### Your objective
All entries below are to be returned exactly, with pictures left out.

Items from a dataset

+++

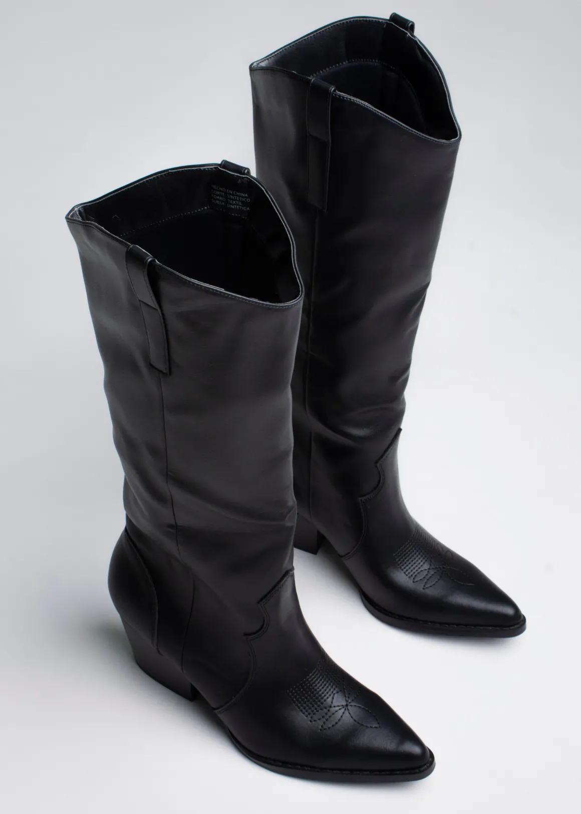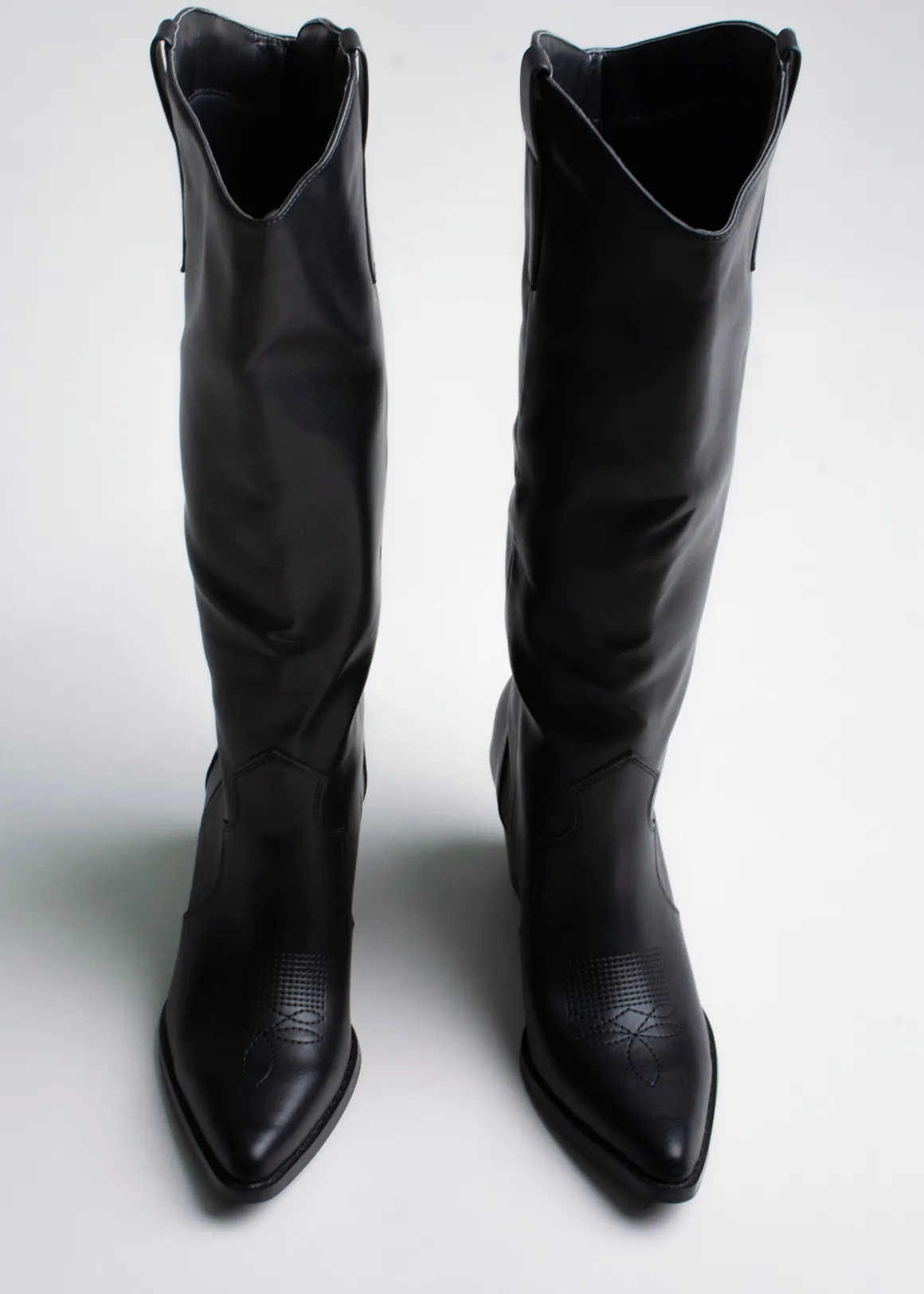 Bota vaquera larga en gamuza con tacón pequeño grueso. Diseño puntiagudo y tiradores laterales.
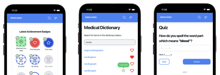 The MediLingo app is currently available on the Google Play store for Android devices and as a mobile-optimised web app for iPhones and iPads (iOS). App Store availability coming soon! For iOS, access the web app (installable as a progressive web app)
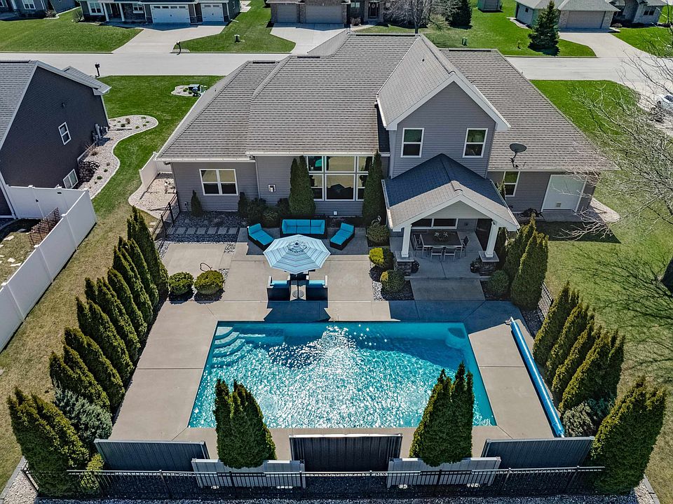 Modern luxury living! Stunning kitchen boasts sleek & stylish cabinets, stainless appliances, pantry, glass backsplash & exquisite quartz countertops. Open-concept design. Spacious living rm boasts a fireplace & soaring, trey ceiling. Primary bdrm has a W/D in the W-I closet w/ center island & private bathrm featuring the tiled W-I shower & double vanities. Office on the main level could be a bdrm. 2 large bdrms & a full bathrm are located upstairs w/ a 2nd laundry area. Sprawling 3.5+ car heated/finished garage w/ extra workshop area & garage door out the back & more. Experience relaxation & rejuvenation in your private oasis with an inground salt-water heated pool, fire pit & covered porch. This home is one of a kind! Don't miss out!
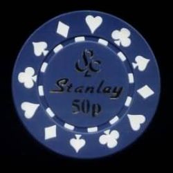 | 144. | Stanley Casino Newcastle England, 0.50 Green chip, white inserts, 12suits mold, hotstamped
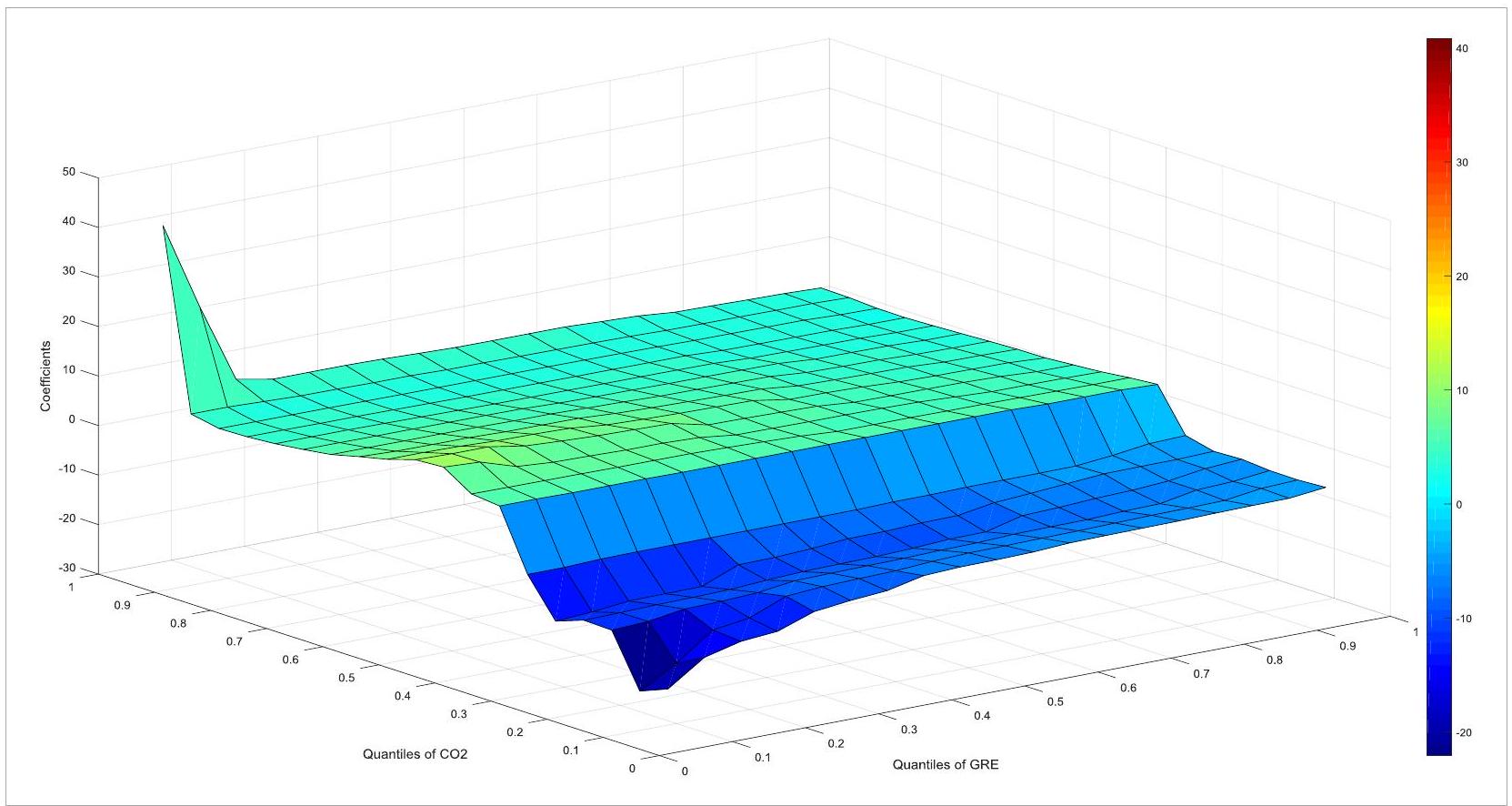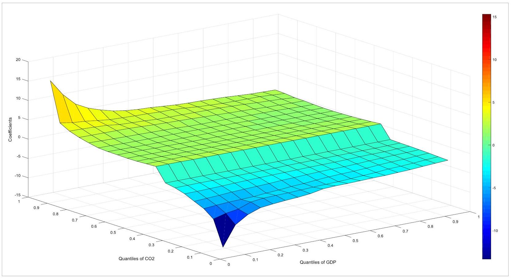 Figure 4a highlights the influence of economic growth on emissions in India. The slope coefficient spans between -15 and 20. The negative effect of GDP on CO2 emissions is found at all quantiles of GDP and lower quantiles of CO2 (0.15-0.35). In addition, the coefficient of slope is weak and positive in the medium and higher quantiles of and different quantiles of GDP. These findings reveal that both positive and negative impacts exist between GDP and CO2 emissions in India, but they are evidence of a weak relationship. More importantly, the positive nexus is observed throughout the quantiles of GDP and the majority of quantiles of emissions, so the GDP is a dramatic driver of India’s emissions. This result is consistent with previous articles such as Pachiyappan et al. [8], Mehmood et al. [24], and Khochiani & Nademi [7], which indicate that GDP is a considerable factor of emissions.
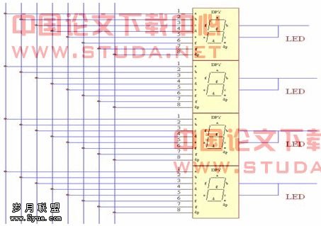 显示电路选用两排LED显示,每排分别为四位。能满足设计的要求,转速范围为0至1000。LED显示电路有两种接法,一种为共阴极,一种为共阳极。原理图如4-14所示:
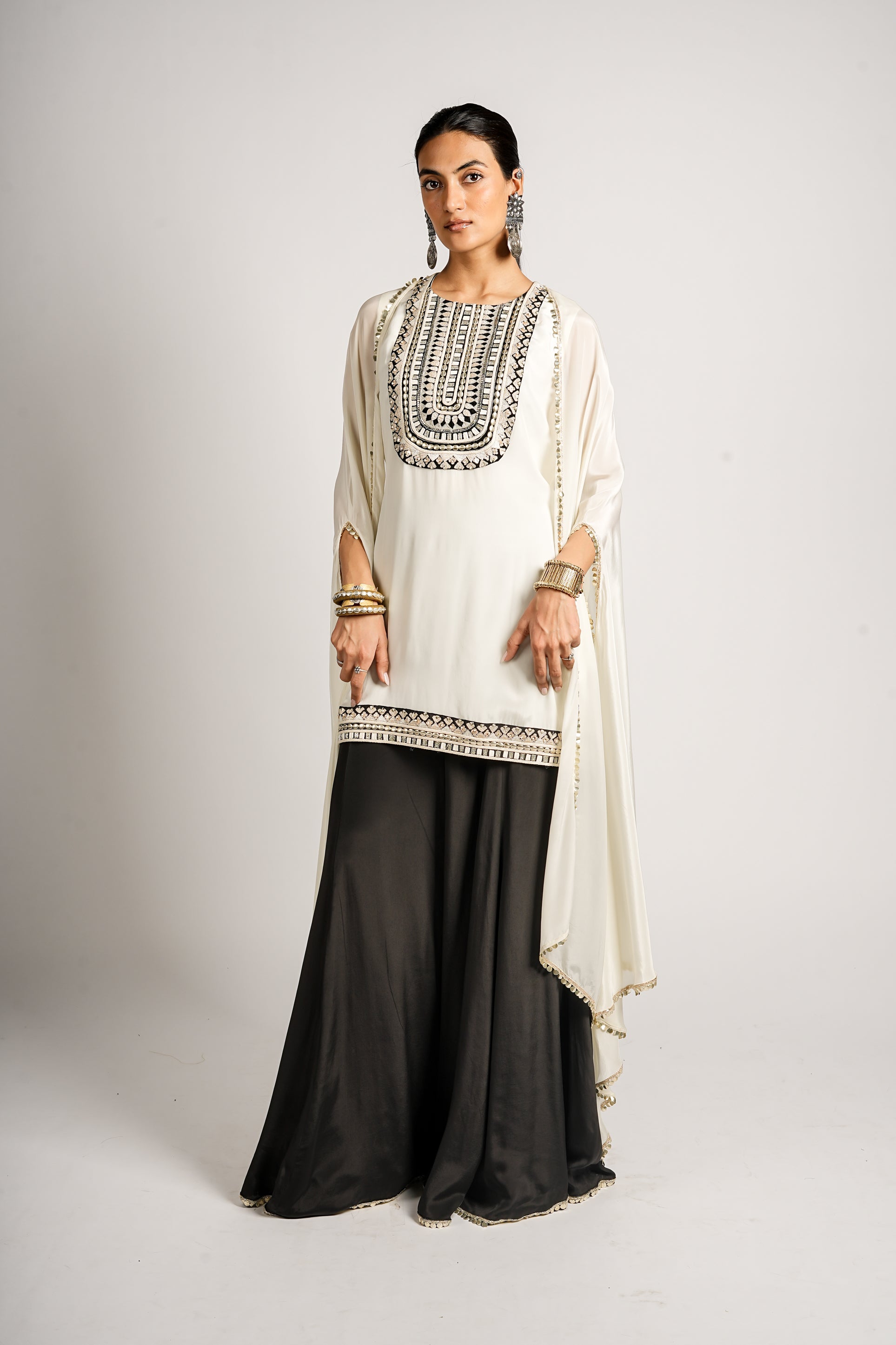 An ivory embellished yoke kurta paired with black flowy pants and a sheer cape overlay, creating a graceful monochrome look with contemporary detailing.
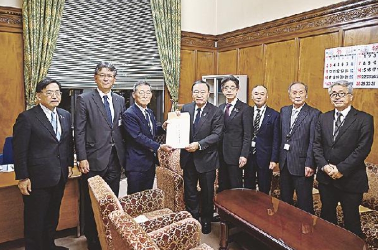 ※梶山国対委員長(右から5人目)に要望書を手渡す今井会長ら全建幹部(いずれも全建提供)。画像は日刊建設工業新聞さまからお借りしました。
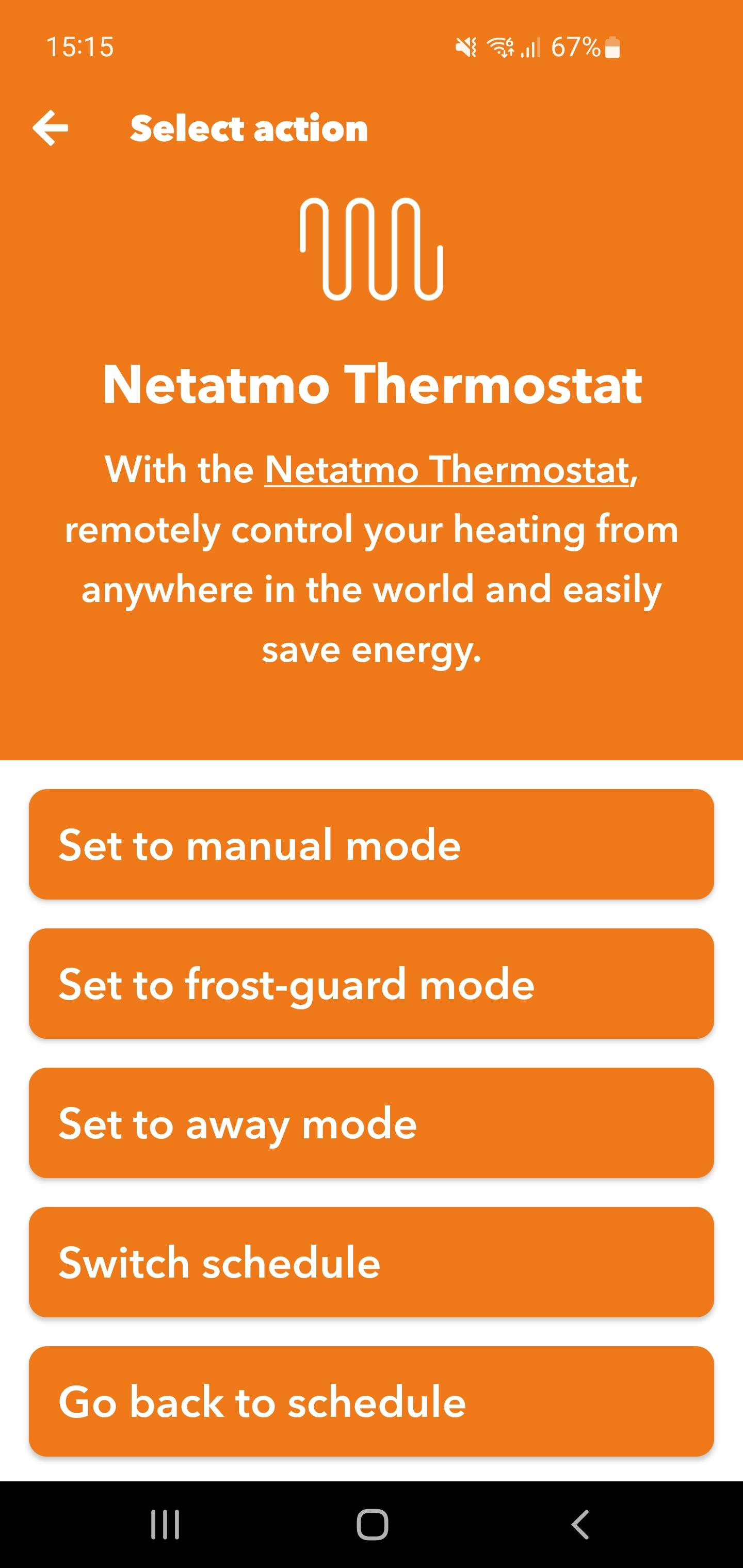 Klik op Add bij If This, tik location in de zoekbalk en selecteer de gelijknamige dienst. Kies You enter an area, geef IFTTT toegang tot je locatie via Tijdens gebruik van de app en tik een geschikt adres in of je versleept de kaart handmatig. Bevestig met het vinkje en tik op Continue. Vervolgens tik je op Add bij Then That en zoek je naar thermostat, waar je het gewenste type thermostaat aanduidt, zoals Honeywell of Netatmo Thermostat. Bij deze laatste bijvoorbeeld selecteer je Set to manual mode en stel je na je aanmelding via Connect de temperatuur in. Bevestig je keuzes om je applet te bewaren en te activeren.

+++

### Reply to the exercise
 Bota vaquera larga en gamuza con tacón pequeño grueso. Diseño puntiagudo y tiradores laterales.
 The MediLingo app is currently available on the Google Play store for Android devices and as a mobile-optimised web app for iPhones and iPads (iOS). App Store availability coming soon! For iOS, access the web app (installable as a progressive web app)
 Modern luxury living! Stunning kitchen boasts sleek & stylish cabinets, stainless appliances, pantry, glass backsplash & exquisite quartz countertops. Open-concept design. Spacious living rm boasts a fireplace & soaring, trey ceiling. Primary bdrm has a W/D in the W-I closet w/ center island & private bathrm featuring the tiled W-I shower & double vanities. Office on the main level could be a bdrm. 2 large bdrms & a full bathrm are located upstairs w/ a 2nd laundry area. Sprawling 3.5+ car heated/finished garage w/ extra workshop area & garage door out the back & more. Experience relaxation & rejuvenation in your private oasis with an inground salt-water heated pool, fire pit & covered porch. This home is one of a kind! Don't miss out!
 | 144. | Stanley Casino Newcastle England, 0.50 Green chip, white inserts, 12suits mold, hotstamped
 Figure 4a highlights the influence of economic growth on emissions in India. The slope coefficient spans between -15 and 20. The negative effect of GDP on CO2 emissions is found at all quantiles of GDP and lower quantiles of CO2 (0.15-0.35). In addition, the coefficient of slope is weak and positive in the medium and higher quantiles of and different quantiles of GDP. These findings reveal that both positive and negative impacts exist between GDP and CO2 emissions in India, but they are evidence of a weak relationship. More importantly, the positive nexus is observed throughout the quantiles of GDP and the majority of quantiles of emissions, so the GDP is a dramatic driver of India’s emissions. This result is consistent with previous articles such as Pachiyappan et al. [8], Mehmood et al. [24], and Khochiani & Nademi [7], which indicate that GDP is a considerable factor of emissions.
 显示电路选用两排LED显示,每排分别为四位。能满足设计的要求,转速范围为0至1000。LED显示电路有两种接法,一种为共阴极,一种为共阳极。原理图如4-14所示:
 An ivory embellished yoke kurta paired with black flowy pants and a sheer cape overlay, creating a graceful monochrome look with contemporary detailing.
 ※梶山国対委員長(右から5人目)に要望書を手渡す今井会長ら全建幹部(いずれも全建提供)。画像は日刊建設工業新聞さまからお借りしました。
 Klik op Add bij If This, tik location in de zoekbalk en selecteer de gelijknamige dienst. Kies You enter an area, geef IFTTT toegang tot je locatie via Tijdens gebruik van de app en tik een geschikt adres in of je versleept de kaart handmatig. Bevestig met het vinkje en tik op Continue. Vervolgens tik je op Add bij Then That en zoek je naar thermostat, waar je het gewenste type thermostaat aanduidt, zoals Honeywell of Netatmo Thermostat. Bij deze laatste bijvoorbeeld selecteer je Set to manual mode en stel je na je aanmelding via Connect de temperatuur in. Bevestig je keuzes om je applet te bewaren en te activeren.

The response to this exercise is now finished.